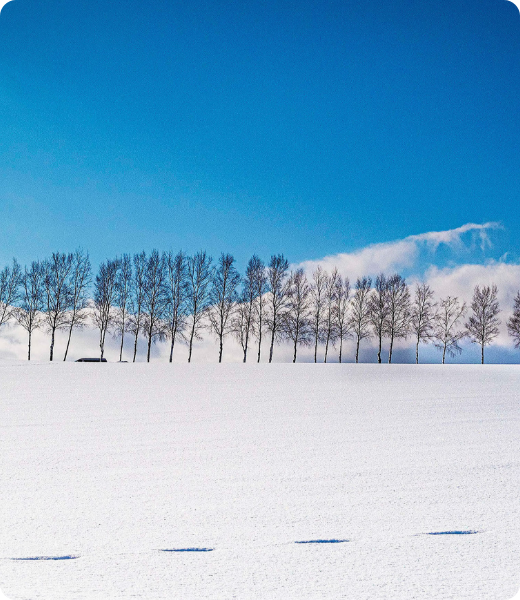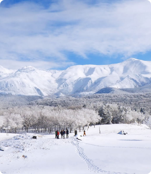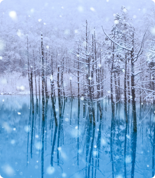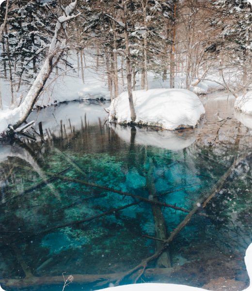 伏流水で年間凍らない透明度抜群の池を、冬はスノーシューツアーで間近に楽しめます。雪に包まれた原生林を進むと、青く輝く水面が姿を現し、エメラルドからコバルトへ変化する神秘的な色合いに思わず息をのむはず。(要事前申込)
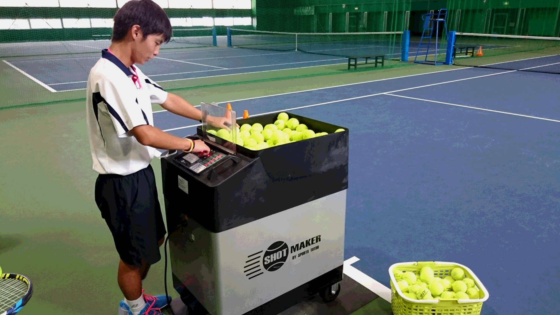 スーパーアシスタントコーチの球だしマシーン君に球を出してもらいストロークを撮影(*^^*)
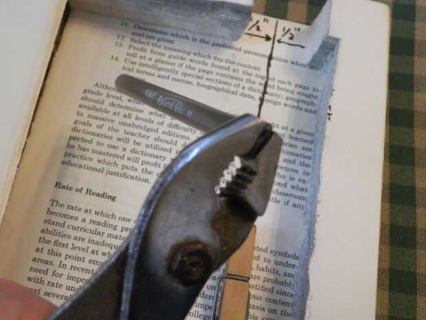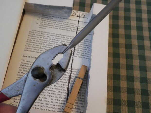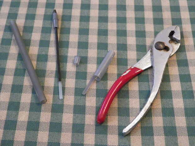 Alicate para desmontar una pluma de la oficina normal, guardar el cuerpo y la tapa, pero descartando el cartucho de tinta y la tapa piramidal/en forma de cono. A continuación, tomar el cuerpo principal de la pluma y aplastar un extremo plano, como se muestra en las fotos.
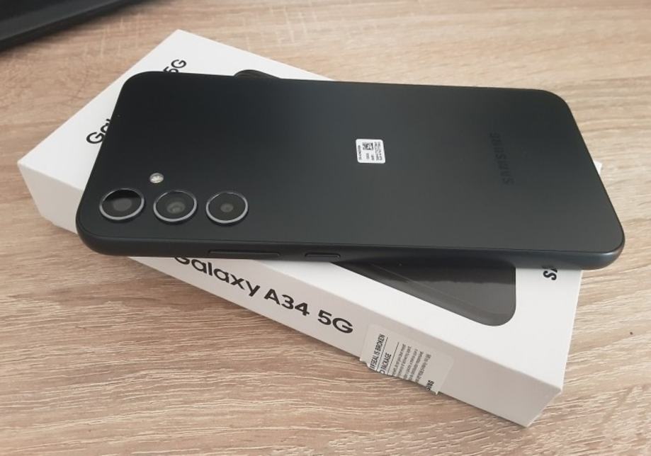 Samsung Galaxy A34 5G; Octa-core, 6GB/128GB, 48Mp, Graphite black; nov, ne korišten. Osobno preuzimanje, javiti se porukom na njuškalu.
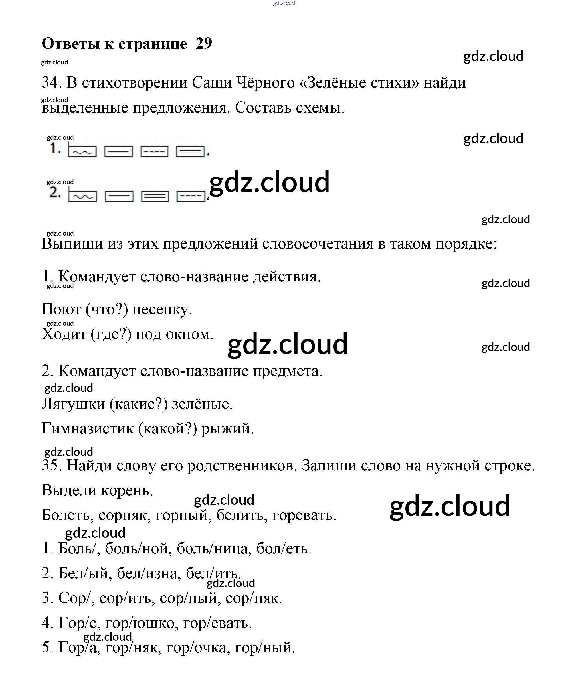 Ответ на задание 29 Тетрадь для самостоятельной работы Русский язык за 2 (второй) класс Байкова, Малаховская, Гольфман 2017 Часть 1, 2
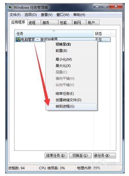 打開(kāi)任務(wù)管理器,在“應(yīng)用程序”標(biāo)簽頁(yè)中右擊“游戲加速”選擇“轉(zhuǎn)到進(jìn)程”
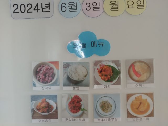 쌀밥, 잡곡밥, 어묵국, 닭볶음탕, 무우말랭이무침, 숙주나물무침, 김치, 장아찌

* * *

* _Problem statement_
Set every entry down again exactly as written, and omit the images.

* _Written response_
 伏流水で年間凍らない透明度抜群の池を、冬はスノーシューツアーで間近に楽しめます。雪に包まれた原生林を進むと、青く輝く水面が姿を現し、エメラルドからコバルトへ変化する神秘的な色合いに思わず息をのむはず。(要事前申込)
 スーパーアシスタントコーチの球だしマシーン君に球を出してもらいストロークを撮影(*^^*)
 Alicate para desmontar una pluma de la oficina normal, guardar el cuerpo y la tapa, pero descartando el cartucho de tinta y la tapa piramidal/en forma de cono. A continuación, tomar el cuerpo principal de la pluma y aplastar un extremo plano, como se muestra en las fotos.
 Samsung Galaxy A34 5G; Octa-core, 6GB/128GB, 48Mp, Graphite black; nov, ne korišten. Osobno preuzimanje, javiti se porukom na njuškalu.
 Ответ на задание 29 Тетрадь для самостоятельной работы Русский язык за 2 (второй) класс Байкова, Малаховская, Гольфман 2017 Часть 1, 2
 打開(kāi)任務(wù)管理器,在“應(yīng)用程序”標(biāo)簽頁(yè)中右擊“游戲加速”選擇“轉(zhuǎn)到進(jìn)程”
 쌀밥, 잡곡밥, 어묵국, 닭볶음탕, 무우말랭이무침, 숙주나물무침, 김치, 장아찌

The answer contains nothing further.